• [What you are asked to do] Write the listing out again word for word, leaving each picture behind.

• [Data provided]
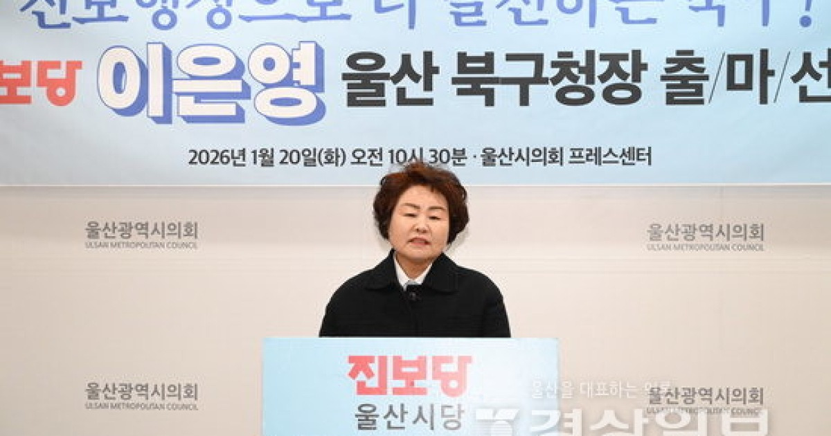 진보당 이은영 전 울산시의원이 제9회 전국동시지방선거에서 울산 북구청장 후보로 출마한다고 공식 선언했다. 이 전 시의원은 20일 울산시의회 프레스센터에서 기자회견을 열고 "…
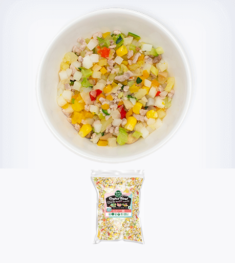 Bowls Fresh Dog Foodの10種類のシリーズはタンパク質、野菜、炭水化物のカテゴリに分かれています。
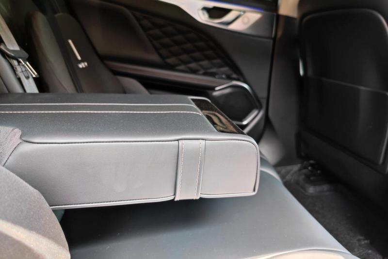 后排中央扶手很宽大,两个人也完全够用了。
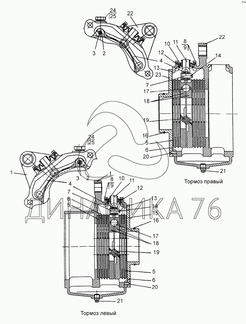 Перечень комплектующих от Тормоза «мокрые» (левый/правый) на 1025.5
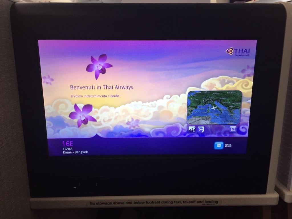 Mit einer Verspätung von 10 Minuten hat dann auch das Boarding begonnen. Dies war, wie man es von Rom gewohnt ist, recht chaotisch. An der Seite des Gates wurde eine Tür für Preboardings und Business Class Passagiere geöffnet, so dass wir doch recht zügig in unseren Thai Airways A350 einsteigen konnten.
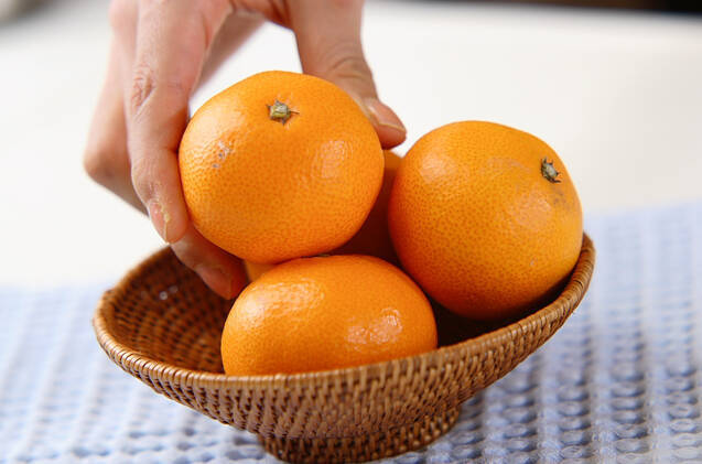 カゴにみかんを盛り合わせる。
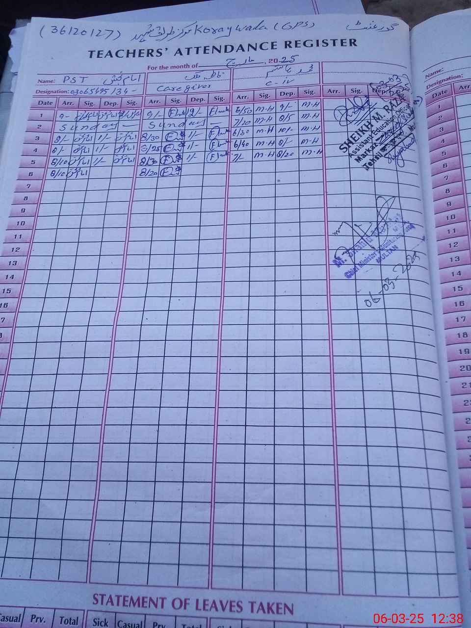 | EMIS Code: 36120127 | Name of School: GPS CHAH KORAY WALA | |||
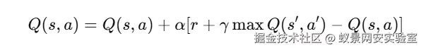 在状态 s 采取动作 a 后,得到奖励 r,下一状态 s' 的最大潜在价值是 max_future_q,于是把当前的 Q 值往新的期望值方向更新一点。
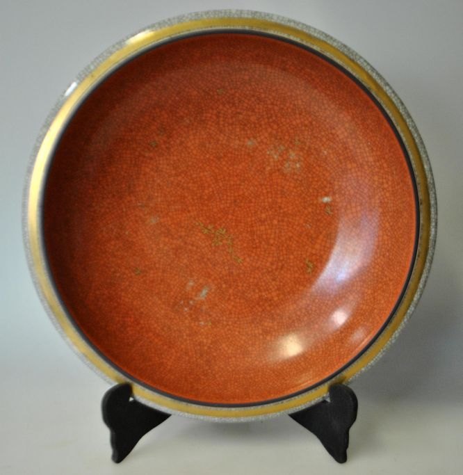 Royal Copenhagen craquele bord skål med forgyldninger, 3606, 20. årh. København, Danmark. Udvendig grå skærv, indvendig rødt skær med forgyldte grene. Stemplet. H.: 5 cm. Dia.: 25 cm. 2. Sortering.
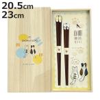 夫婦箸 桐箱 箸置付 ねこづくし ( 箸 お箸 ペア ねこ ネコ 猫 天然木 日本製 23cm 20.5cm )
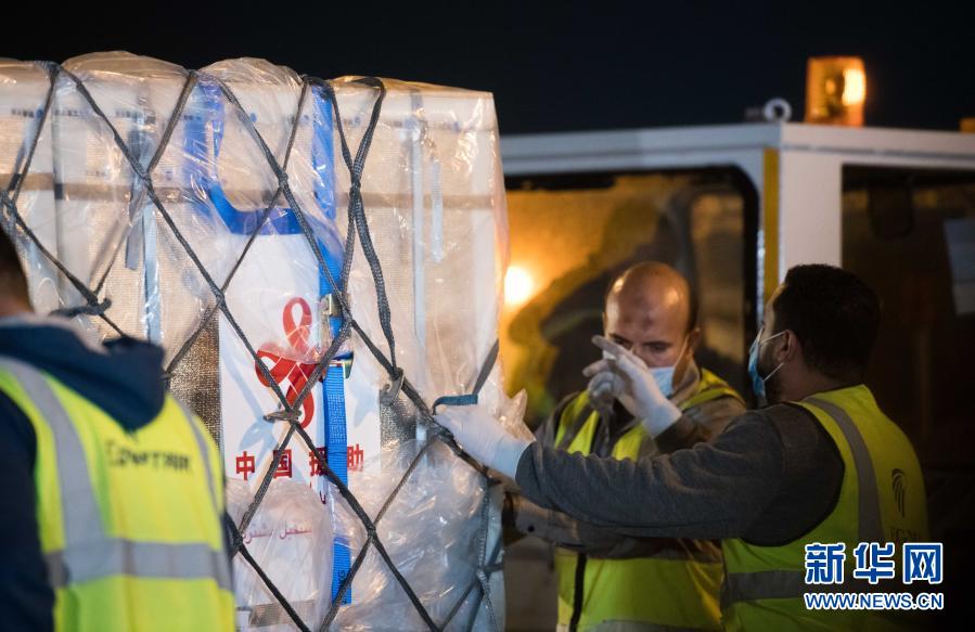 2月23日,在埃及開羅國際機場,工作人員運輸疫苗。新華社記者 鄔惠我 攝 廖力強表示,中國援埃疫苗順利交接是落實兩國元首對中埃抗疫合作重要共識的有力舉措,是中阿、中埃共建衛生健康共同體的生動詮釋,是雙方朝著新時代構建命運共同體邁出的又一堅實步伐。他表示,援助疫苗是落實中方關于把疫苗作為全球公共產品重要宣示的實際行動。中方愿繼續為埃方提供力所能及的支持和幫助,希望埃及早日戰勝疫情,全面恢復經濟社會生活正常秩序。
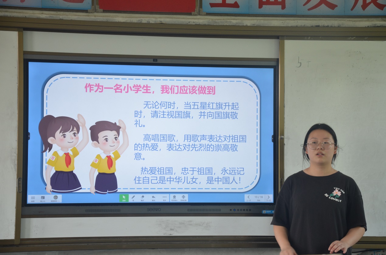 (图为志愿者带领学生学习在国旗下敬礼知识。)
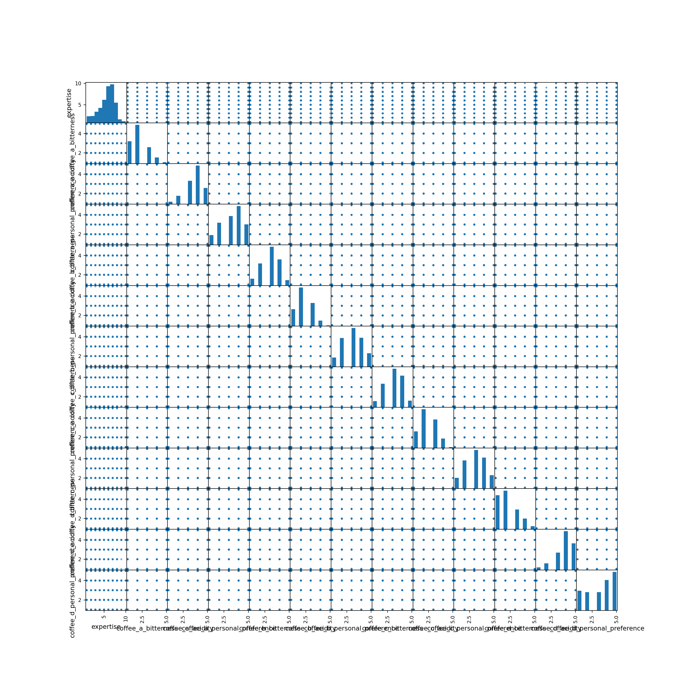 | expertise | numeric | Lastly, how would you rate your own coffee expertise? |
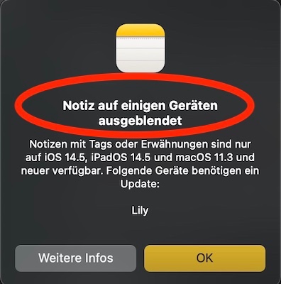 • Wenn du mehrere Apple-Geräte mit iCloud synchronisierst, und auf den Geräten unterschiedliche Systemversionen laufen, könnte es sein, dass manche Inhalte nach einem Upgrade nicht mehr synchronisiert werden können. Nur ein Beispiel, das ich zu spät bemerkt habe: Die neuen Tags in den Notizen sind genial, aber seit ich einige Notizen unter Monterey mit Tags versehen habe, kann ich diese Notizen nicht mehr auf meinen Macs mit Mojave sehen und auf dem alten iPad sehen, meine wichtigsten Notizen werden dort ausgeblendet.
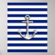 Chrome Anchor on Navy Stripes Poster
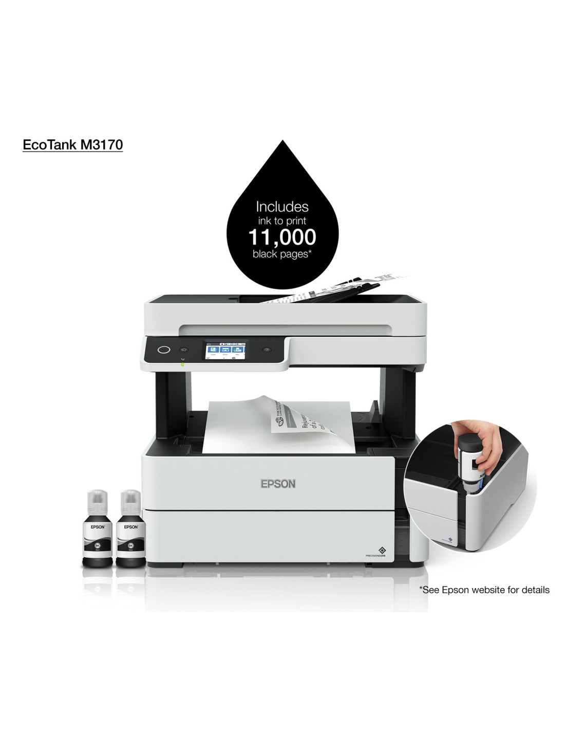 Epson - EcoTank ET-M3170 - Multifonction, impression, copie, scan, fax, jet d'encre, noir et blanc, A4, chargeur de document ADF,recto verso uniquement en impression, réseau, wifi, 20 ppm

• [Result of the exercise]
 진보당 이은영 전 울산시의원이 제9회 전국동시지방선거에서 울산 북구청장 후보로 출마한다고 공식 선언했다. 이 전 시의원은 20일 울산시의회 프레스센터에서 기자회견을 열고 "…
 Bowls Fresh Dog Foodの10種類のシリーズはタンパク質、野菜、炭水化物のカテゴリに分かれています。
 后排中央扶手很宽大,两个人也完全够用了。
 Перечень комплектующих от Тормоза «мокрые» (левый/правый) на 1025.5
 Mit einer Verspätung von 10 Minuten hat dann auch das Boarding begonnen. Dies war, wie man es von Rom gewohnt ist, recht chaotisch. An der Seite des Gates wurde eine Tür für Preboardings und Business Class Passagiere geöffnet, so dass wir doch recht zügig in unseren Thai Airways A350 einsteigen konnten.
 カゴにみかんを盛り合わせる。
 | EMIS Code: 36120127 | Name of School: GPS CHAH KORAY WALA | |||
 在状态 s 采取动作 a 后,得到奖励 r,下一状态 s' 的最大潜在价值是 max_future_q,于是把当前的 Q 值往新的期望值方向更新一点。
 Royal Copenhagen craquele bord skål med forgyldninger, 3606, 20. årh. København, Danmark. Udvendig grå skærv, indvendig rødt skær med forgyldte grene. Stemplet. H.: 5 cm. Dia.: 25 cm. 2. Sortering.
 夫婦箸 桐箱 箸置付 ねこづくし ( 箸 お箸 ペア ねこ ネコ 猫 天然木 日本製 23cm 20.5cm )
 2月23日,在埃及開羅國際機場,工作人員運輸疫苗。新華社記者 鄔惠我 攝 廖力強表示,中國援埃疫苗順利交接是落實兩國元首對中埃抗疫合作重要共識的有力舉措,是中阿、中埃共建衛生健康共同體的生動詮釋,是雙方朝著新時代構建命運共同體邁出的又一堅實步伐。他表示,援助疫苗是落實中方關于把疫苗作為全球公共產品重要宣示的實際行動。中方愿繼續為埃方提供力所能及的支持和幫助,希望埃及早日戰勝疫情,全面恢復經濟社會生活正常秩序。
 (图为志愿者带领学生学习在国旗下敬礼知识。)
 | expertise | numeric | Lastly, how would you rate your own coffee expertise? |
 • Wenn du mehrere Apple-Geräte mit iCloud synchronisierst, und auf den Geräten unterschiedliche Systemversionen laufen, könnte es sein, dass manche Inhalte nach einem Upgrade nicht mehr synchronisiert werden können. Nur ein Beispiel, das ich zu spät bemerkt habe: Die neuen Tags in den Notizen sind genial, aber seit ich einige Notizen unter Monterey mit Tags versehen habe, kann ich diese Notizen nicht mehr auf meinen Macs mit Mojave sehen und auf dem alten iPad sehen, meine wichtigsten Notizen werden dort ausgeblendet.
 Chrome Anchor on Navy Stripes Poster
 Epson - EcoTank ET-M3170 - Multifonction, impression, copie, scan, fax, jet d'encre, noir et blanc, A4, chargeur de document ADF,recto verso uniquement en impression, réseau, wifi, 20 ppm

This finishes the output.